It is also conceivable to use a compression magnetic core material made of a composite material of a soft magnetic powder and a resin that is insulated on a magnetic material as a material constituting the stator, and to form the stator with high accuracy by compression molding. Although the magnetic permeability of the powder magnetic core material is inferior to that of a silicon steel plate, it is far superior to the case where a general soft magnetic steel plate is used after being bent. In addition, the iron particles in the powder magnetic core material are electrically insulated from each other by a resin coating, so that eddy currents are not generated and iron loss is suppressed to a low level. It is effective to mold to secure insulation and strength between the stator and coil.

As described above, according to the motor of the present invention, the coil connection configuration is completed together with the assembly of the motor without any work such as welding or soldering. In addition, it is possible to easily pull out the electrical connection to the outside by using the pins coming out from the lowermost phase or the uppermost phase. Also, by attaching the pin terminal, the front and back of each phase, positioning in the rotation direction, and centering are possible, reducing the defect rate of wiring and providing a motor with stable quality. Moreover, since the improvement of the characteristics of the magnetic core material and the molding technology have already been completed, it can be easily applied to the motor of the present invention.

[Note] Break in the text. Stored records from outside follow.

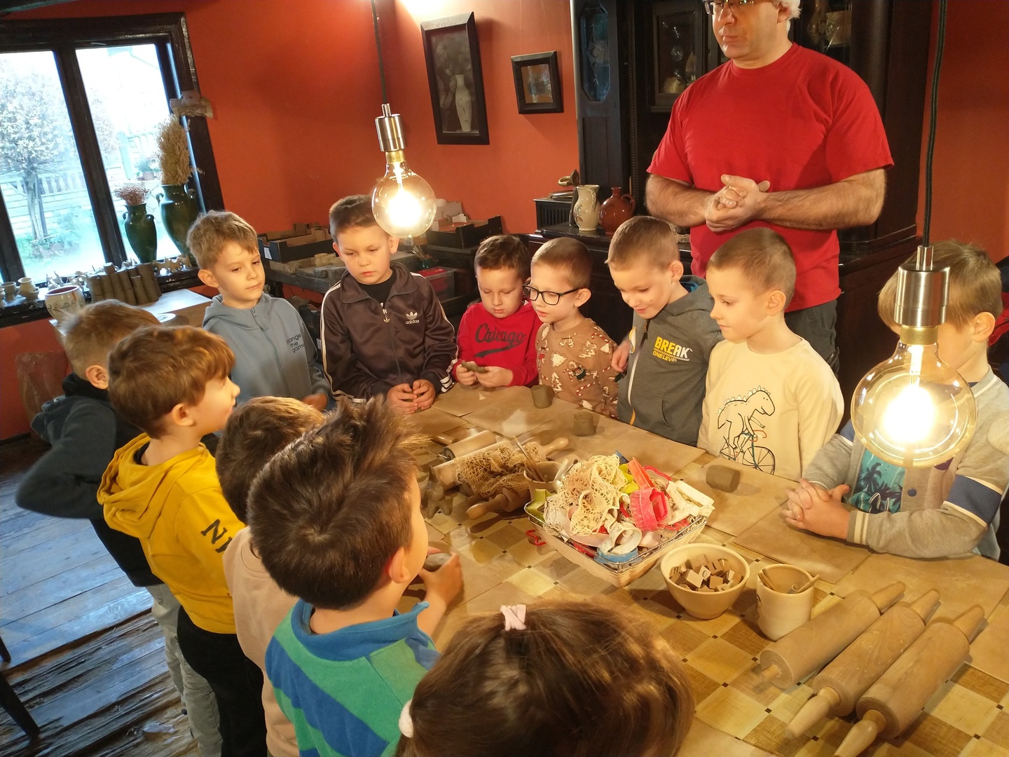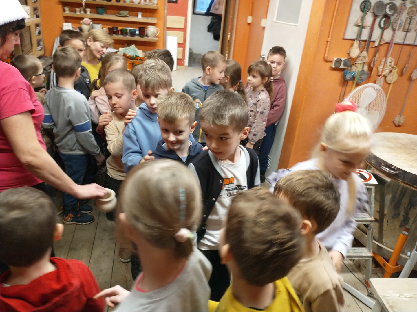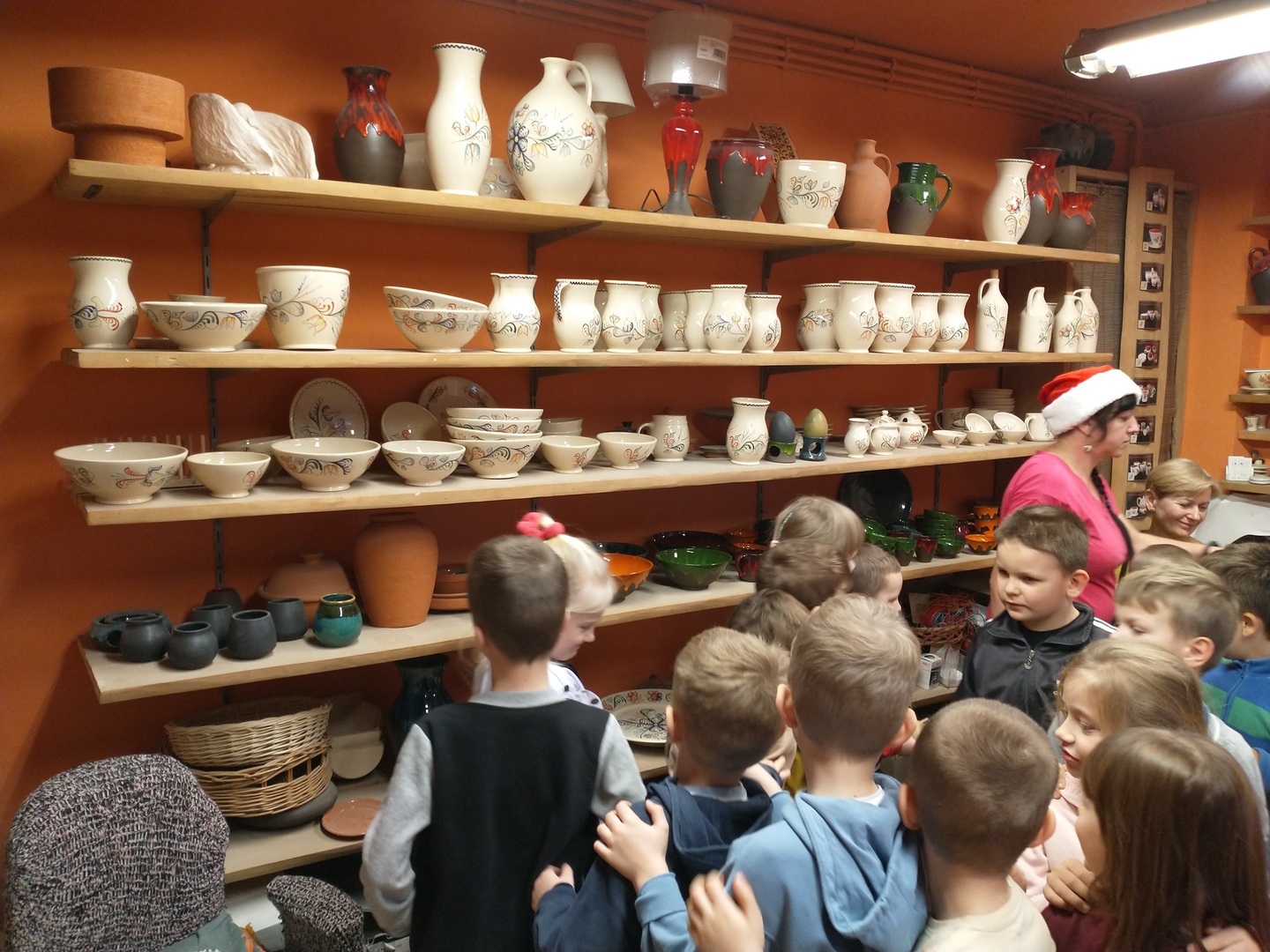 W dniu 7 grudnia dzieci z oddziałów przedszkolnych były na wycieczce w Warsztacie Garncarskim Rodziny Konopczyńskich w Bolimowie. Przedszkolaki miały okazję toczyć naczynko na kole garncarskim, lepić z gliny oraz malować specjalnie przygotowane na tę okazję gliniane bombki. W warsztacie garncarskim na dzieci czekała fascynująca opowieść o drodze od gliny do ceramiki, historia warsztatu garncarskiego, legenda o ptaszku bolimowskim oraz opowieść o pracy garncarza.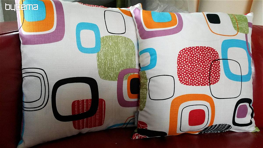 Cushion covers made of decorative fabric MUMBO. Each side has a different color design.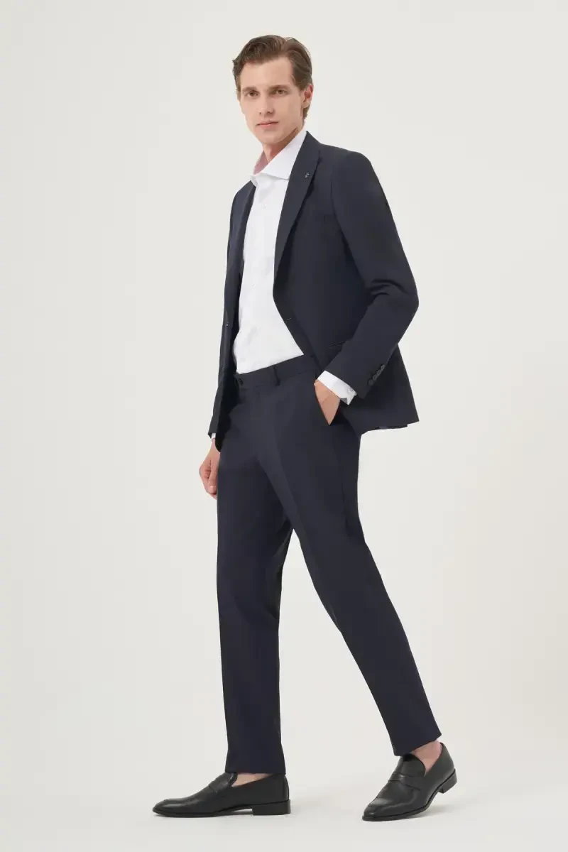 Suit, men's, navy blue, slim fit, polyviscose, peak lapel, modern, stylish, comfortable, ModaZon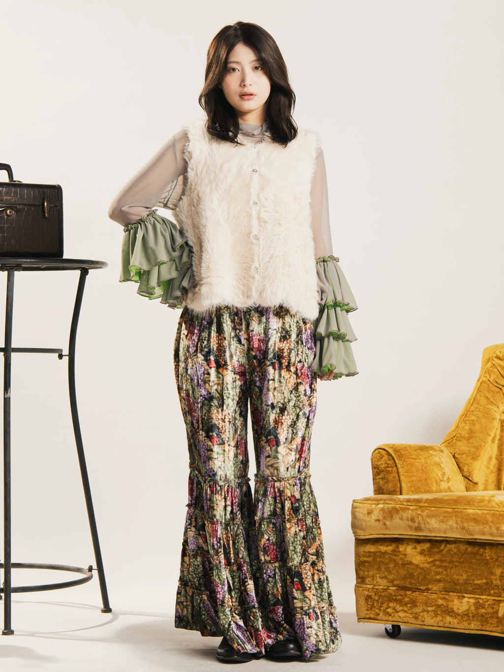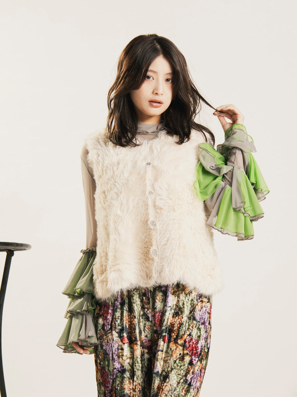 ボリューミーな袖のフリルがポイントになった、長袖のシアートップス。ガーリーなデザインと程よい透け感がトレンド感のある着こなしにぴったりの一着。やや伸縮性のある生地感です。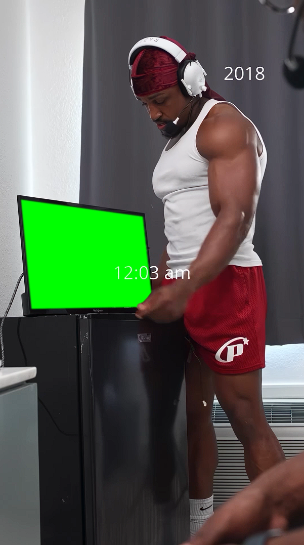 Green Screen Meme Template of Ashton Hall throwing his controller at his TV while raging at a video game and then doomscrolling through Instagram/TikTok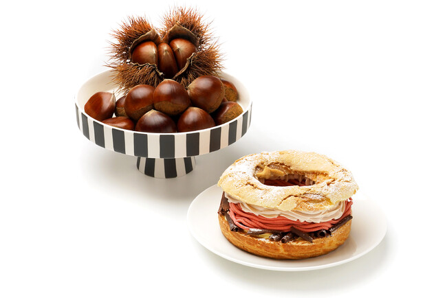 薫り高い笠間産の和栗ペーストをたっぷり使用。上質なルビーチョコレートクリームと合わせたパリブレスト。アクセントにフランボワーズの果肉をゴロゴロと忍ばせました。頬張ると芳しい和栗の風味とフランボワーズの果実味が口いっぱいに広がります。マダガスカル産カカオを使用したショコラ ノワールのコポーは、大人のビター感を演出。和栗を中心とした贅沢な味覚の共演をお愉しみいただけます。

It is sectional drawing which shows the structure of the motor of this invention. It is the figure which demonstrated the perspective view and connection method of each phase of the motor of this invention. It is drawing explaining the metal mold | die structure for resin molding regarding this invention. It is drawing explaining the metal mold | die structure for resin molding regarding this invention.

Explanation of symbols

DESCRIPTION OF SYMBOLS 1 End bracket 2 Shaft 3 Rotor magnet 4 Coil 5 Bearing 6 Stator core 7 Pin terminal 8 Mold resin part 10 Mold upper mold 11 Gate 12 Mold lower mold 13 Center core 14 Resin injection cylinder 15 Resin injection plunger 16 Pin terminal Holding part 20 Pin terminal holding part 21 Mold lower mold 22 Gap 23 Claw magnetic pole 24 Male part 25 Female part

Claims (6)

  In a motor that constitutes a multiphase electric motor by stacking each phase in the motor axial direction, a plurality of conductive pin terminals that can be connected to the top and bottom of the annular coil and its terminal are integrated with an electrically insulating resin. The pin terminals are electrically connected to each other by overlapping the other phase stator sets having the same shape and each pin terminal connecting the annular coil having the same shape. An electric motor having a stator structure characterized by having a phase motor connection configuration.   In the claw pole type motor, a plurality of conductive pin terminals that can be connected to the upper and lower sides of the annular coil and the terminal thereof are provided, and a one-phase stator set is integrally molded with an electrically insulating resin. Fixed, characterized in that the pin terminal is electrically connected by overlapping the other phase stator sets with different pin terminals to connect the annular coil with the same shape, and the required multi-phase motor connection configuration A claw pole type motor having a child structure.   In a claw-pole type motor made of a dust core material, a single-phase fixing in which a ring-shaped coil and a plurality of conductive pin terminals that can be connected to the upper and lower ends thereof are integrally molded with an electrically insulating resin. The pin terminals are electrically connected by overlapping the stator sets of the other phases with the same shape and each pin terminal connecting the annular coil having the same shape, and the wiring configuration of the required multiphase motor is obtained. Claw pole type motor having a stator structure characterized by the above.   The stator structure of the motor according to any one of claims 1 to 3.   An electric motor having a stator structure, wherein the front and back surfaces of each phase and the rotation angle phase difference are uniquely determined by pin terminals in the motor according to any one of claims 1 to 3.   5. The stator structure of a claw pole type motor according to claim 4, wherein the back and front of each phase and the rotation angle phase difference are uniquely determined by the pin terminals.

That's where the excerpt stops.